2.5. Chemical Analysis of Spot Urine Samples

Detailed information on the preparation, extraction, and analysis of urine samples can be found in Morgan et al. [8]. Briefly, the home group of children had their spot urine samples over the 48-h monitoring period pooled into one sample per child. For the daycare group of children, their spot urine samples over the 48-h monitoring period were pooled separately per child into one sample at daycare and into one sample at home. The exception was for 15 children (five in the daycare group and 10 in the home group) that had a recent pesticide application (<7 days) at their homes. Spot urine samples for these children were not pooled, and each sample was analyzed separately.
Each pooled or non-pooled urine sample (1 mL) was hydrolyzed with 100 µL of hydrochloric acid, heated in an oven for one hour at 80 °C, and then 1 mL of 20% sodium chloride and 1 mL of chlorobutane were added to the vial. The extracts were centrifuged, silylated with 100 µL of N-(tert-butyldimethylsilyl)-N-methyltrifluoroacetamide, and transferred to a GC vial. The extracts were quantified for levels of total PCP (free PCP and PCP-glucuronide) using a gas chromatography/mass selective detector (Hewlett-Packard 6890/5973A, Agilent Technologies, Golden, CO, USA) in the selected ion-monitoring mode. The limit of quantification (LOQ) for PCP was estimated by using the lowest calibration standard (2 ng/mL) with a signal to noise ratio above two. The estimated LOQ was 0.4 ng/mL for PCP. The limit of detection (LOD) was estimated at one-half the LOQ (0.2 ng/mL) for PCP.
The levels of creatinine were also measured in each child’s pooled urine sample as described in Morgan et al. [8]. Briefly, a 10 mL aliquot was taken from each thawed sample and placed into a cryovial with lid at the Battelle laboratory. The urine aliquots were shipped in coolers with dry ice overnight to the Clinical Laboratory, Ohio State University in Columbus, OH, USA. The urine aliquots were quantified for the levels of creatinine using the Jaffe picric colormetric method. Non-pooled urine samples were not analyzed for creatinine concentrations as they generally lacked a sufficient volume for this analysis.

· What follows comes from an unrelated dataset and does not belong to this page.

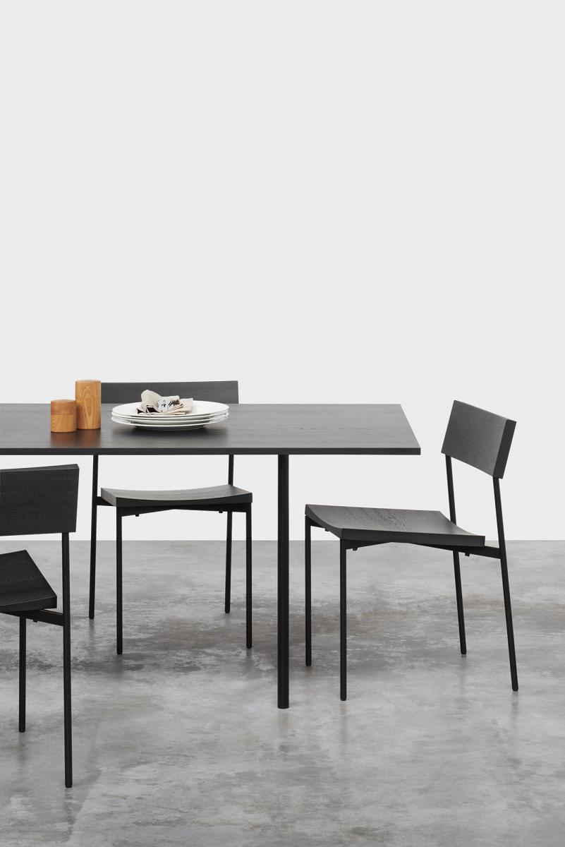 Chair HENNING with its minimal and linear silhouette unifies a shaped solid wood seat and backrest with powder-coated steel or brushed stainless steel frame. HENNING is a comfortable and elegant stackable chair that serves various interior purposes.

2.6. Quality Assurance Procedures

Quality control samples including field and laboratory blanks, matrix spikes, and duplicate samples (field and analytical) were collected in the CTEPP study [8]. All field and laboratory blanks were below the LOD in urine. Matrix spike recoveries ranged from 71%–113% for PCP in urine, except for one sample (64%). Relative percent differences between duplicate field samples (aliquots of the same sample) or duplicate analytical samples (aliquots of the same sample extract) were less than 13% in urine.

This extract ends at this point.